5. Argon Flow Rate and Nozzle Diameter
The diameter of the nozzle directly affects the range of the shielding zone, which is generally chosen based on the diameter of the tungsten electrode. Based on production experience, the nozzle diameter should be twice the diameter of the tungsten electrode plus 4mm.
When the flow rate is appropriate, the weld pool is steady, the surface is bright and free of slag, there are no oxidation traces, and the weld seam is aesthetically formed.
When the flow rate is unsuitable, the weld pool surface has slag, and the weld seam surface darkens or has an oxide skin. The appropriate argon flow rate is 0.8-1.2 times the nozzle diameter.
6. Distance between the Nozzle and the Workpiece
The distance between the nozzle and the workpiece should be between 8-14mm. If the distance is too great, the gas shielding effect is poor.
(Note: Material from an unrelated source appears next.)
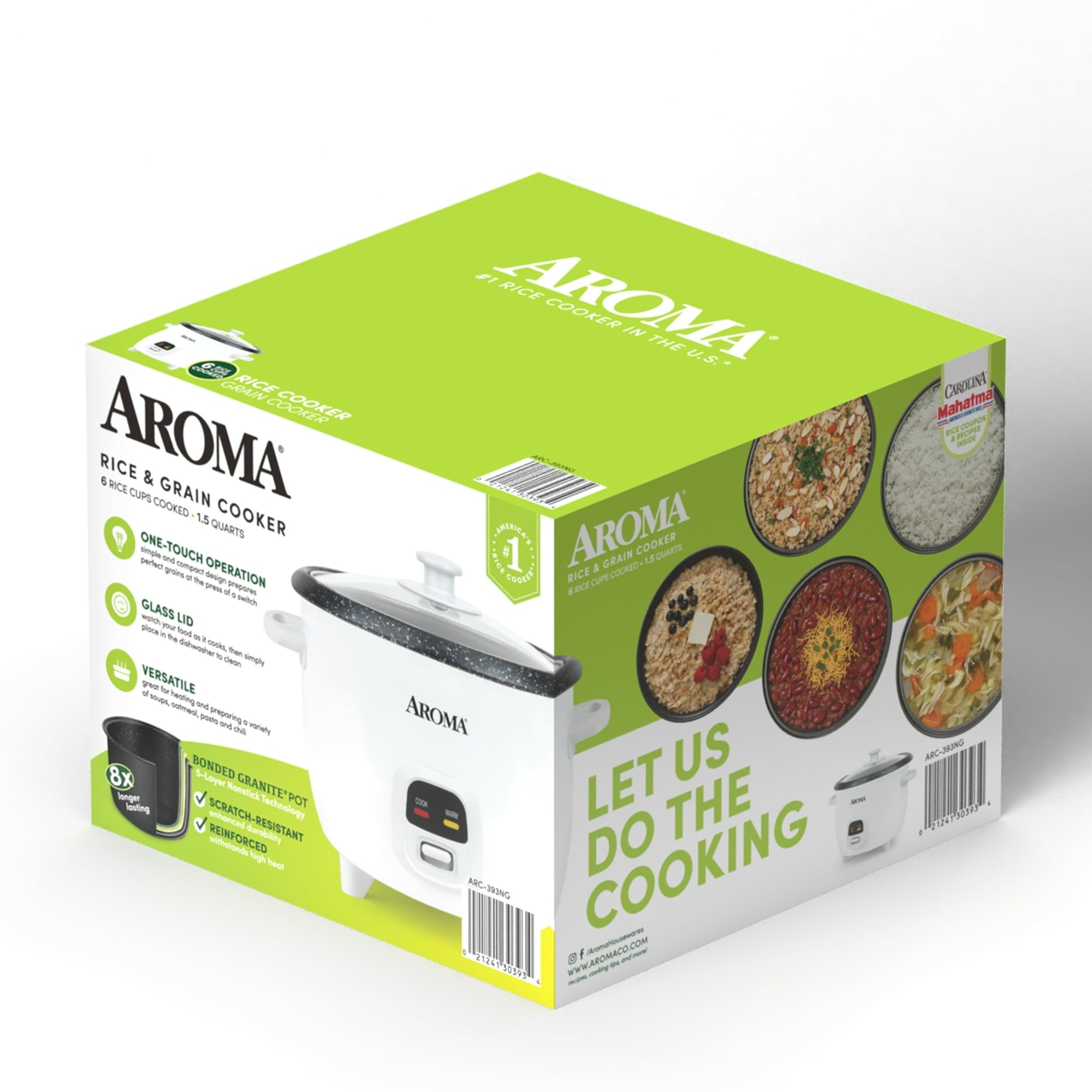 NEW UPGRADE!! Aroma’s Bonded Granite® 6-Cup Rice Cooker redefines non-stick durability. The 5-layer rice cooker pot is sealed with Bonded Granite®, which lasts 8x longer than ceramic. Plus, the pot is marked for foolproof measuring. Pour 1, 2, or 3 cups of uncooked rice inside and add water up to the line. It’s also great for soup, jambalaya, and oatmeal. Push the button to start and watch your food cook through the tempered glass lid. The rice cooker automatically switches to ‘keep warm’ when it’s ready to serve. Cook with confidence and clean up faster!

If the distance is too small, although it is beneficial for gas shielding, the observable range and the protection zone become smaller.
7. Tungsten Electrode Extension Length
To prevent the arc heat from damaging the nozzle, the end of the tungsten electrode should protrude beyond the nozzle. The extension length is generally between 3-4mm. If the extension length is too short, it’s inconvenient for the welder to observe the melting condition, which is detrimental to operation. If the extension length is too long, the gas shielding effect may be affected.
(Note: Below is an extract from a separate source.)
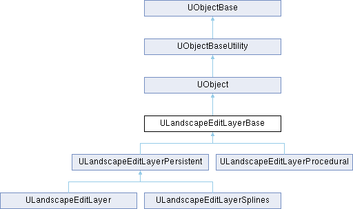 Base class for all landscape edit layers. By implementing the various virtual functions, we are able to customize the behavior of the edit layer wrt the landscape tools in a generic way (e.g. does it support sculpting tools? painting tools? can it be collapsed?, etc.)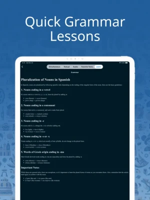 With simultaneous books feature you can read and listen at the same time. This will have huge impact for you to get familiar with Spanish language. You will learn the reading and listening at the same time. This will help you with writing and speaking.

Test the effectiveness of gas shielding using the spot welding method. The specific method involves spot welding on an aluminum plate. After the arc is ignited, the welding torch remains stationary, and after 5-10 seconds, the power supply is disconnected.
At this point, due to the “cathode shattering” effect, a silver-white area appears around the spot on the aluminum plate. This is the effective gas shielding area, known as the deoxidization film area. The larger the diameter of this area, the better the shielding effect.
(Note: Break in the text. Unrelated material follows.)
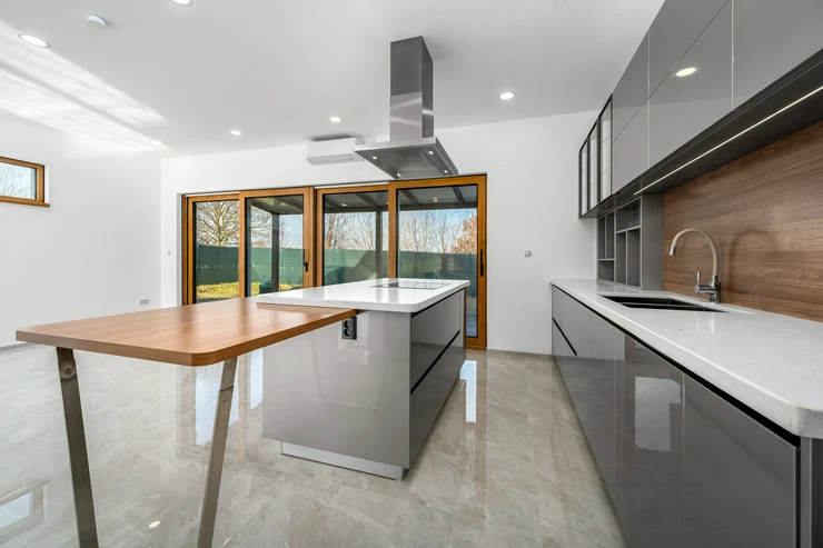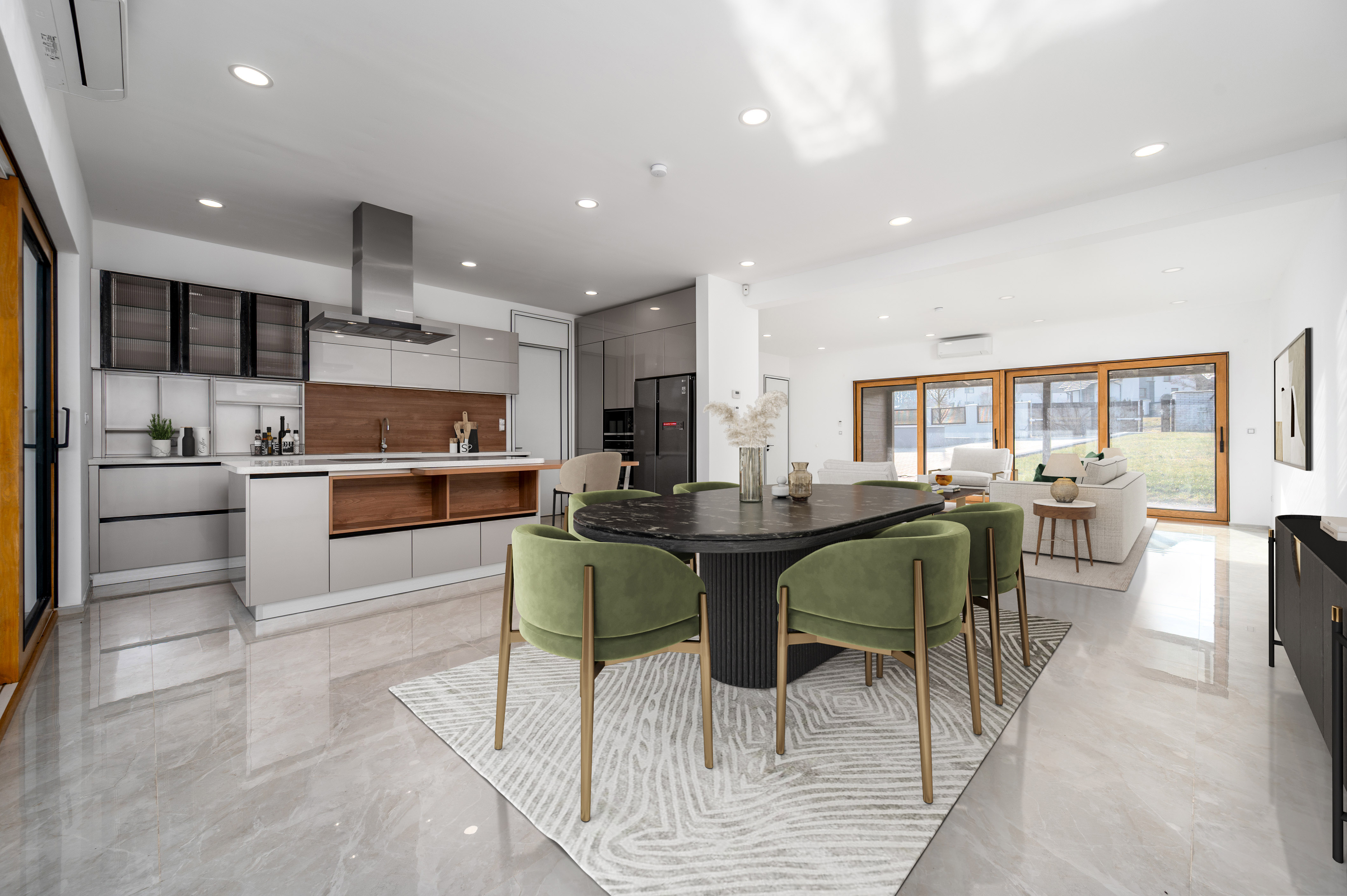 The villa has been built using premium materials: large-format Italian marble tiles, Canadian oak wooden floors, 3D porcelain wall tiles, a custom-made kitchen with a stone worktop, Villeroy & Boch sanitaryware, Bosch appliances, Viessmann heating, and Toshiba air conditioning in all rooms.

In actual production, the effectiveness of gas protection can be assessed by directly observing the color and the presence of any pores on the weld surface, as shown in the table below.
|Determining the effectiveness of gas protection for stainless steel and aluminum alloys.|
|Welding material||Best||Good||Preferably||Worst case|
|Stainless steel||Silver white, gold yellow||Blue||Red Grey||Black|
|Aluminium alloy||Silver White||Black gray|
II. Key Points for Manual Tungsten Inert Gas Arc Welding Operations
(1) Arc Ignition
Typically, manual tungsten inert gas arc welding machines come with an arc ignition device (high-voltage pulse generator or high-frequency oscillator) that allows for the ignition of an arc directly on the welding point by maintaining a certain distance between the tungsten electrode and the workpiece without contact.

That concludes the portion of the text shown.